To keep a user in a mobile application is a whole science. Its basics in our article on VC.ru was described by the author of the Growth Hacking course : mobile application analyst Maxim Godzi, Head of Machine Learning at App in the Air. Maxim talks about the tools developed by the company using the example of analyzing and optimizing a mobile application. Such a systematic approach to product improvement, developed in App in the Air, is called Retentioneering. You can also use these tools in your product: some of them are freely available on GitHub.

App in the Air is an application with more than 3 million active users worldwide, with which you can track flights, get information about changes in departure / landing time, registration and airport characteristics.

From funnel to trajectory


All development teams build an onboarding funnel (a process aimed at user acceptance of a product). This is the first step that helps to look at the entire system from above and find the problems of the application. But in the course of product development, you will feel the limitations of this approach. With the help of a simple funnel, it is impossible to see unobvious growth points for a product. The goal of the funnel is to give a general view of the stages of users in the application, to show you the metrics of the norm. But the funnel will providently conceal deviations from the norm in the direction of obvious problems or, on the contrary, special activity of users.

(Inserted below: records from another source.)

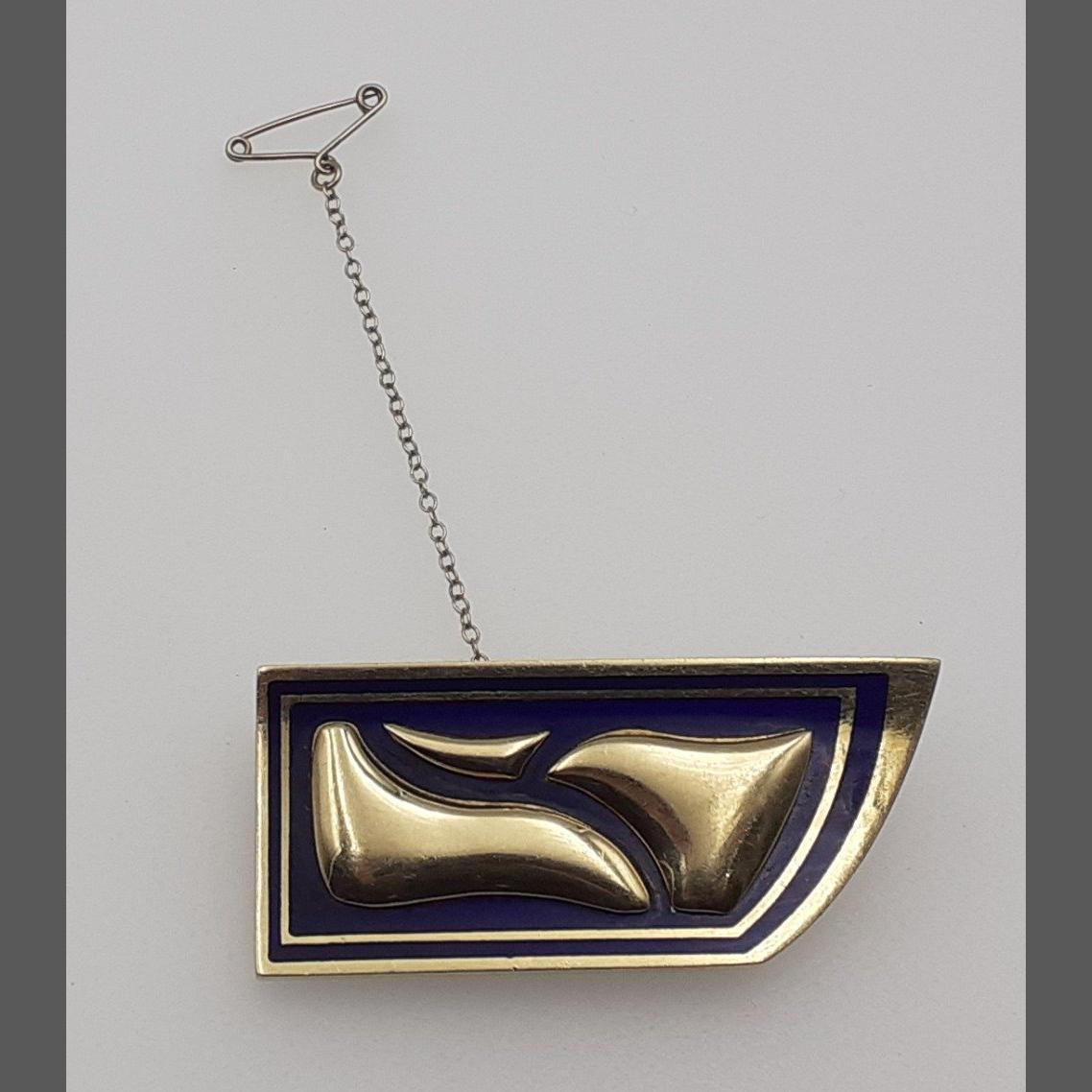 Unusual angular brooch with blue enamel design. Artisan made. HAS INDISTINCT MARKS.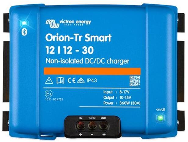 Termék részletekNem elszigetelt Orion-Tr intelligens DC-DC töltő Az Orion-Tr Smart DC-DC töltő profi egyenáramú eszközök közötti alkalmazásra készült, adaptív, 3-fokozatú töltő beépített Bluetooth funkcióval. Kettős akkumulátoros rendszerekben történő használathoz járművekben vagy hajókon, ahol a generátort és az indító akkumulátort az üzemi akkumulátor töltésére használjá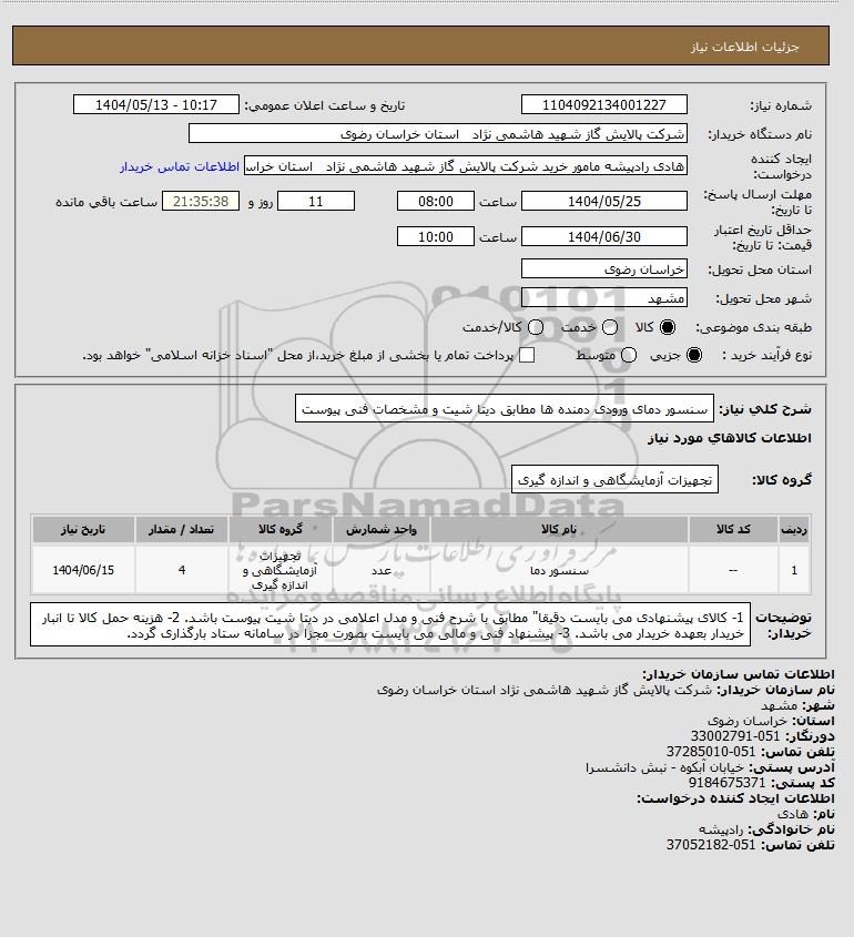 نام دستگاه خریدار:شرکت پالایش گاز شهید هاشمی نژاد استان خراسان رضوی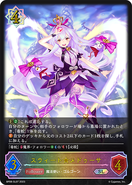 スウィート★メドゥーサ クラス ウィッチ カード種類 フォロワー タイプ 魔法使い・ゴルゴーン レアリティ SL 収録商品 ブースターパック第8弾「次元混沌」 コスト4攻撃力3体力4 :これは進化する。自分のターン中、相手のフォロワーが場から墓場に置かれたとき、『毒蛇』1体を出す。自分のデッキから元のコスト2以下のカード1枚を探し、手札に加える。―――――――――――――――『毒蛇』魔界・フォロワー0/1【必殺】 久方綜司BP08-SL07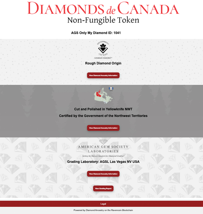Diamonds de Canada through Diamond Ancestry not only gives the immutable traceability on their diamonds, but also offers clients the ability to encapsulate that journey into a Non-Fungible Token (NFT) (see image).

We built our own funnel in App in the Air, however, due to the nature of the product, we got an hourglass. Then we decided to expand the approach, and use the rich information that the application itself gives us.

When you build a funnel, you lose onboarding paths by users. Trajectories consist of a sequence of user actions and the application itself (for example, sending a push notification).



By timestamps, you can very easily restore the user's trajectory and make it a graph for each of them. Of course, there are a lot of graphs. Therefore, you need to group similar users. For example, you can arrange all users in rows of a table and describe how often they use a certain function.



On the basis of such a table, we made a matrix and grouped users according to the frequency of use of functions, that is, the nodes in the graph. This is usually the first step towards insights: for example, at this stage you will see that some users do not use some of the functions at all. When we did frequency analysis, we began to study which nodes are the “biggest”, that is, on which pages users most often come to. Immediately stand out categories that differ fundamentally by some criterion important to you. Here, for example, two clusters of users, which we divided on the basis of the subscription decision (there were 16 clusters in total).



How to use it


By looking at your users in this way, you can see by what functions you keep them or, for example, you seek a subscription. Naturally, the matrix will show obvious things as well. For example, that those who bought a subscription, were on the subscription screen. But besides this, you can find patterns that you would never know otherwise.

So we accidentally found a group of users who add a flight, actively monitor it during the day and then disappear for a long time, until they fly away again. If we analyzed their behavior with the help of ordinary tools, we would think that the functionality of the application simply did not suit them: how else to explain that they used it for one day and never return. But with the help of graphs, we saw that they were very active, just all their activity fit into one day.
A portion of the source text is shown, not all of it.